Experiments under the UNBC-McMaster Shoulder Pain database demonstrate that the GLA-CNN model outperforms other state-of-the-art methods. Visualization analyses show that GLA-CNN can not only extract local pain features with discrimination but also extract the correlation features between local features to ensure global context cues. However, although our proposed model is superior to other methods, the overall accuracy of pain assessment from facial expressions remains unsatisfactory. The reason lies in the following facts: 1) The sample size of the dataset is quite small (the number of subjects is only 25), which leads to pretty low generalization ability. 2) There are small differences between the facial pain features of “Weak pain” and “Mild pain”, and even clinicians have difficulty to distinguish them, therefore the accuracy of the ground truth is doubtful; By contrast, for “No pain” and “Strong pain”, their facial features are more obvious, so their accuracy are better than that of “Weak pain” and “Mild pain”. 3) The database only consists of facial expression information. However, in clinical applications, doctors always assess the pain density with multidimensional information such as facial expression, voice, activities, and inquiry, which greatly guarantees accuracy. Despite all this, the study of pain assessment based on facial expression is meaningful, particularly for infants and those patients with aphasia and language inability. To make artificial intelligence better serve medical and clinical pain assessment, it is imperative to establish larger datasets with more diverse patients and improved generalization capabilities. Additionally, there is a pressing need to develop video-based pain assessment methods that integrate facial expression with multimodal information such as voice and activities, thereby enhancing the accuracy and reliability of pain assessments.

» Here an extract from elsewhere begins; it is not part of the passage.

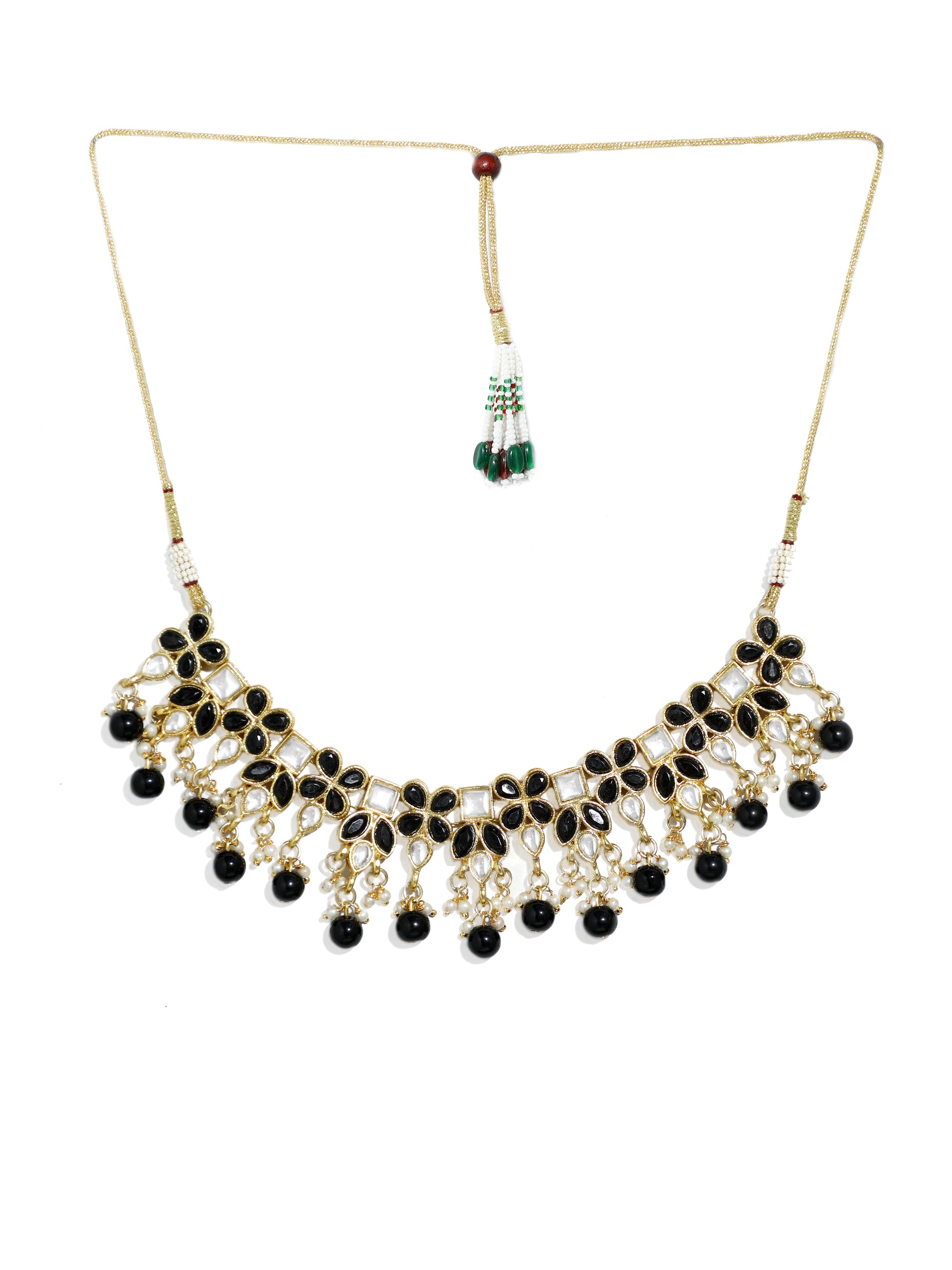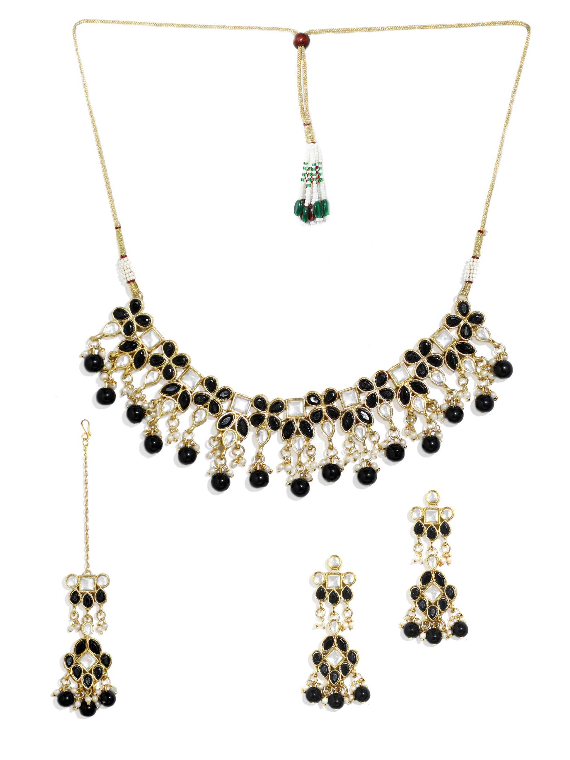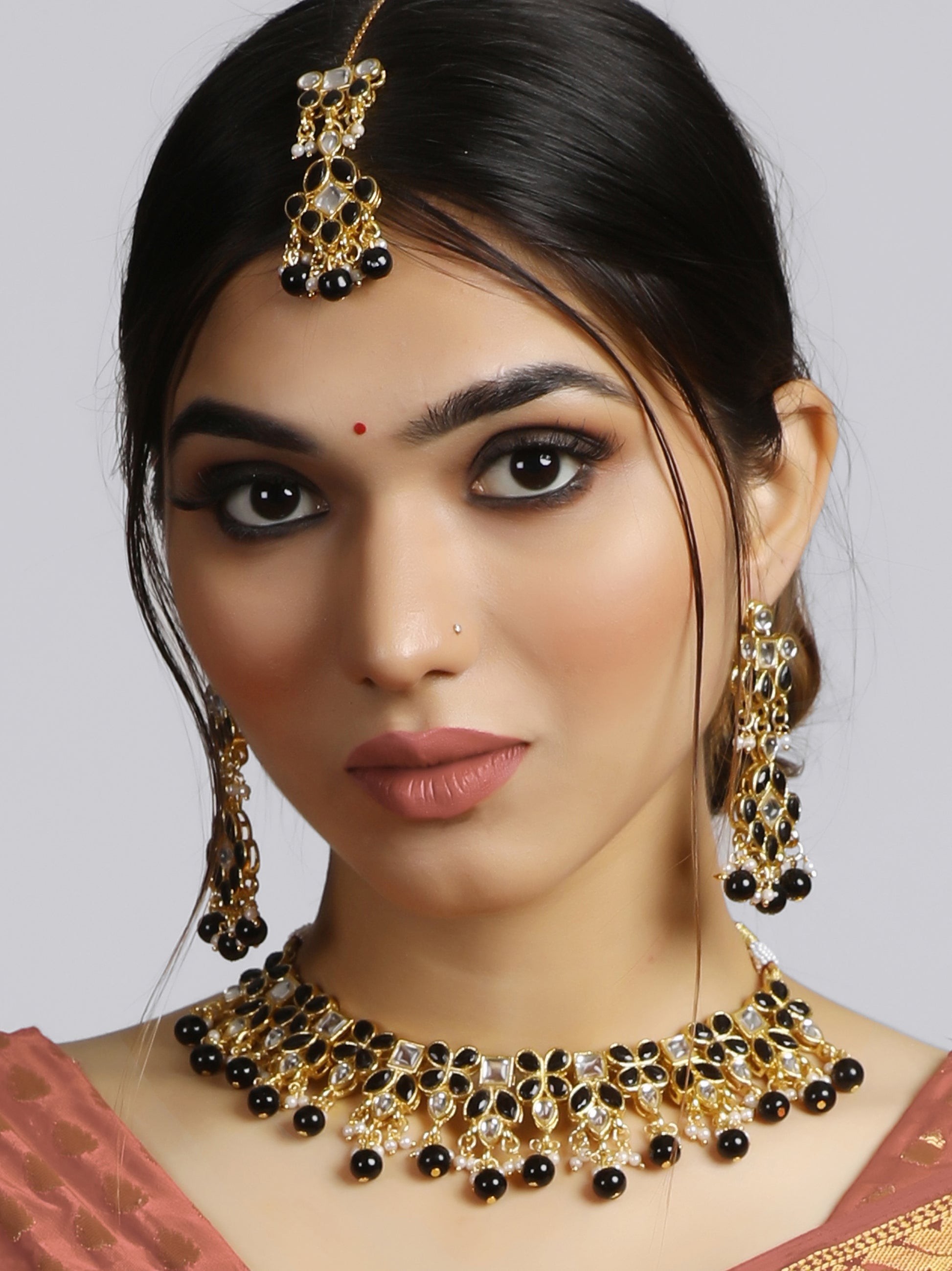 - Kundan Black Choker Necklace Set with Earrings and Maangtikka. Best when paired with Indian or Indo Western Attire. Made with Internationally approved skin-friendly material, this set is a must-have for your collection.
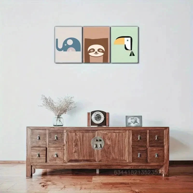 3pcs Elephant Sloth Toucan Wild Animal Metal Print Ready to Hang Art

Institutional Review Board Statement
The study was approved by researchers at the McMaster University and University of Northern British Columbia. In addition, we also signed the requisite agreement, ensuring that all methods employed in this research were conducted in accordance with relevant guidelines and regulations.
Informed Consent Statement
In the article, the facial images used in Figs. 1, 3 and 6 are also part of the publicly available dataset in the UNBC-McMaster Shoulder Pain Expression Archive Database. When presenting these images, mosaic is partly overlapped on the faces to safeguard the privacy and anonymity of the individuals.
Disclosures
The authors declare no conflicts of interest.